The 3,700 photovoltaic panels in Antwerp bring bpost’s total solar panel surface area of 33,000 m² across various buildings in Belgium.
The solar panels on bpost’s sorting centres in Ghent, Liege, Charleroi and Antwerp should generate CO₂ emissions savings of more than 1,200 tons per year.
“Sorting centres (and any large logistics facility) are prime places to mount solar panels, which can save money and reduce emissions. This seems to be a “no brainer”, but for some reason, I don’t see too many such sites in Europe, yet… especially in CEE. Let’s hope that this develops as the cost of the hardware falls and ecological concerns grow.” - Marek Różycki, Managing Partner Last Mile Experts
The solar panel installation in Antwerp has been made possible via a financing deal with energy company ENGIE.
Since 2007, bpost has cut its CO₂ emissions by almost 40%.
Electric vehicles to replace diesel vans
bpost will also switch more than half of its fleet to electric vehicles by 2030. Some 600 new electric vans will be deployed across Belgium by 2022, which will increase to more than 3,400 by 2030. bpost already has a fleet of 2,652 electric bikes and 324 electric trikes.
In some cities, including Antwerp, bpost already uses the “Colibus”, a new 100% electric vehicle especially designed for the parcels market.
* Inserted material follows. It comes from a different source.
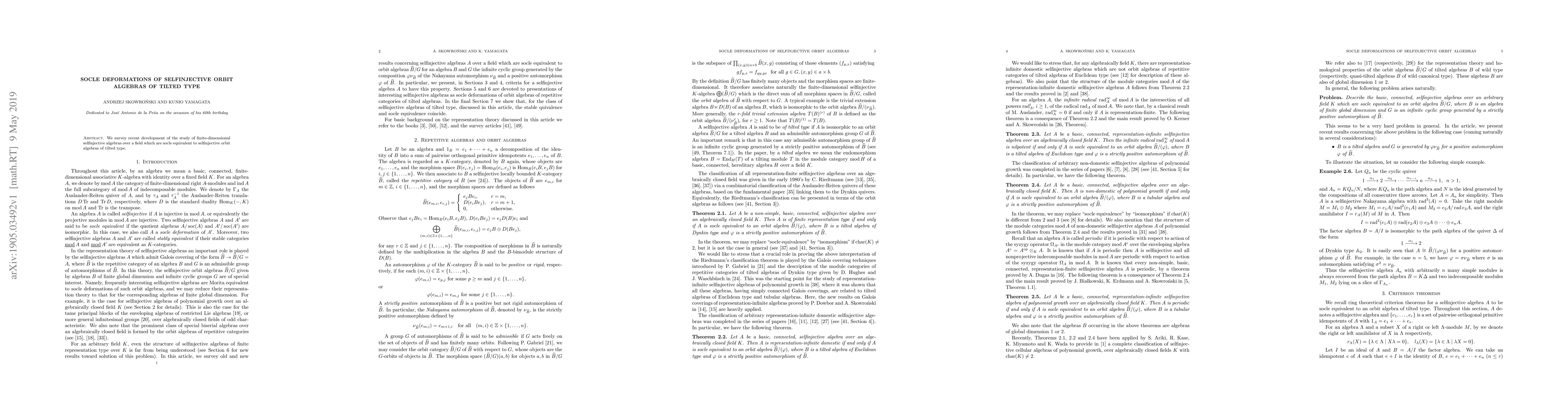 We survey recent development of the study of finite-dimensional selfinjective algebras over a field which are socle equivalent to selfinjective orbit algebras of tilted type.

The Colibus is fully electric and can carry more than 100 parcels.
Meanwhile in Switzerland…
Swiss Post has installed 14 solar panel systems on its buildings, with the first system installed in 2011, and four in 2018.
One of the largest installations in Switzerland, with a panel area of over 8,000 square metres, is located on the Zurich-Mülligen letter sorting centre, followed by installations totalling over 20,000 square metres on the Härkingen (pictured above), Daillens, Eclépens and Frauenfeld sorting sites.
Since 2008, Swiss Post has sourced its entire electricity requirements from renewable energies, including hydropower and around 10% from wind, solar, small hydro and biomass power plants in Switzerland.
More solar panel installations are planned - but Swiss Post acknowledges solar panels are subject to factors such as the weather, and dust in the atmosphere.
Swiss Post’s entire letter delivery fleet, with over 6,000 scooters, is powered entirely by electricity from renewable sources.